__What you should do__: Exactly the lines starting at the line containing "Portrait, woodwork and" and ending at the line containing "12月23日上午,太阳成集团" are to be written out from the listing below, both included.

__Provided records__:
=== Begin Enclosure ===

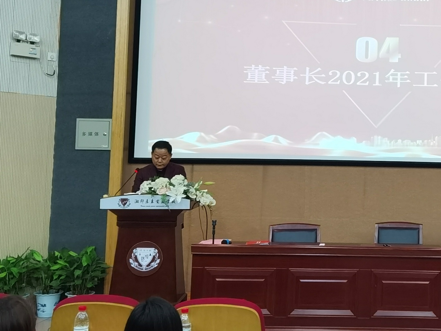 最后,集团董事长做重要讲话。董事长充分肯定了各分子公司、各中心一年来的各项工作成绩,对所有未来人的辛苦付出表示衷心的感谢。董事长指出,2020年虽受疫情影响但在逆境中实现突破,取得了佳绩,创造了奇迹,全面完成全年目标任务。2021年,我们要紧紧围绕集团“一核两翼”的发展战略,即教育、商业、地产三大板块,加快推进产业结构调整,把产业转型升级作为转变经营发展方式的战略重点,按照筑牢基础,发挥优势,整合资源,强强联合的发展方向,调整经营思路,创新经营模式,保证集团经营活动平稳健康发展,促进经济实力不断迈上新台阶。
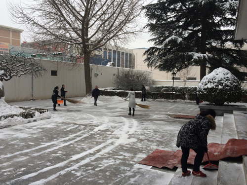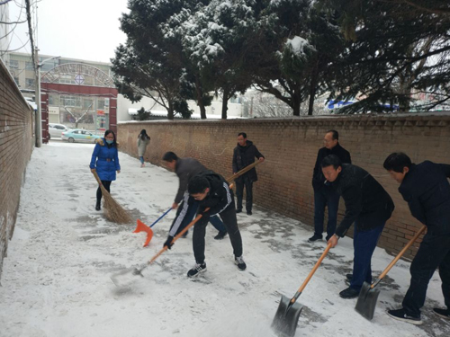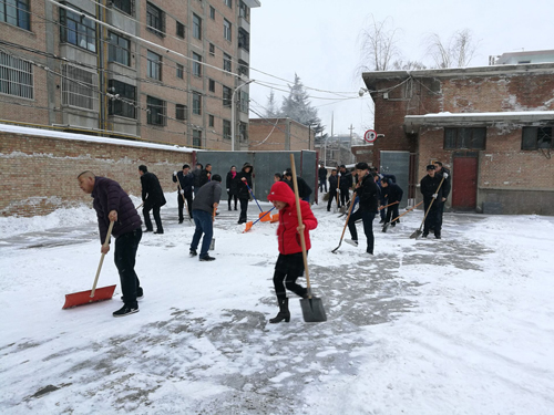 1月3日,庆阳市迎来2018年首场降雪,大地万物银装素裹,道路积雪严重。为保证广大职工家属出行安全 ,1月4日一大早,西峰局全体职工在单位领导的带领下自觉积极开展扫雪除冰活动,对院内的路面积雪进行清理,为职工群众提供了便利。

=== End Enclosure ===
=== Begin Enclosure ===

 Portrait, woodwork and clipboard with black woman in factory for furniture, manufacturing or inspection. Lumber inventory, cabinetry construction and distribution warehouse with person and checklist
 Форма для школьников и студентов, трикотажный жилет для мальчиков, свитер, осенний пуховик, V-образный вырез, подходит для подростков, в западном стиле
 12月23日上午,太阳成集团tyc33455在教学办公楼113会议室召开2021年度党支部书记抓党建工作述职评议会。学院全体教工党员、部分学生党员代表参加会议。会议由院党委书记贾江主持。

=== End Enclosure ===

__Output of the exercise__:
 Portrait, woodwork and clipboard with black woman in factory for furniture, manufacturing or inspection. Lumber inventory, cabinetry construction and distribution warehouse with person and checklist
 Форма для школьников и студентов, трикотажный жилет для мальчиков, свитер, осенний пуховик, V-образный вырез, подходит для подростков, в западном стиле
 12月23日上午,太阳成集团tyc33455在教学办公楼113会议室召开2021年度党支部书记抓党建工作述职评议会。学院全体教工党员、部分学生党员代表参加会议。会议由院党委书记贾江主持。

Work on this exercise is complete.